Opinion
No. 2 CA-CR 2015-0163-PR
09-29-2015
COUNSEL Barbara LaWall, Pima County Attorney By Jacob R. Lines, Deputy County Attorney, Tucson Counsel for Respondent Law Offices of Erin E. Duffy, P.L.L.C., Tucson By Erin E. Duffy Counsel for Petitioner
THIS DECISION DOES NOT CREATE LEGAL PRECEDENT AND MAY NOT BE CITED EXCEPT AS AUTHORIZED BY APPLICABLE RULES.
NOT FOR PUBLICATION
See Ariz. R. Sup. Ct. 111(c)(1); Ariz. R. Crim. P. 31.24.

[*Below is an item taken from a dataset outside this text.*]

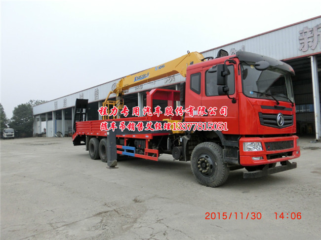 12噸G型世技卡特后雙橋隨車吊14噸后八輪世技卡特隨車吊配置:濰柴245馬力東風特商T702新款駕駛室.  11.00全車鋼絲輪胎,原裝取力器帶空調(diào) .帶氣囊坐椅 陜齒9變速箱帶高低檔,.尾部帶八字梁拖鉤 .加強型前橋5.5噸,加強后雙橋11.5噸,軸距4750+1300 MM /5850+1350MM 。帶ABS和行車記錄儀. 遠控油門. 300MM三層直通大梁中部斷開

Petition for Review from the Superior Court in Pima County
No. CR20114044001
The Honorable Richard S. Fields, Judge
REVIEW GRANTED; RELIEF DENIED
COUNSEL Barbara LaWall, Pima County Attorney
By Jacob R. Lines, Deputy County Attorney, Tucson
Counsel for Respondent
Law Offices of Erin E. Duffy, P.L.L.C., Tucson
By Erin E. Duffy
Counsel for Petitioner
MEMORANDUM DECISION
Judge Espinosa authored the decision of the Court, in which Chief Judge Eckerstrom and Presiding Judge Miller concurred. ESPINOSA, Judge:
¶1 Petitioner Ray Taylor seeks review of the trial court's partial denial, after an evidentiary hearing, of his amended petition for post-conviction relief, filed pursuant to Rule 32, Ariz. R. Crim. P. For the following reasons, we grant review but deny relief.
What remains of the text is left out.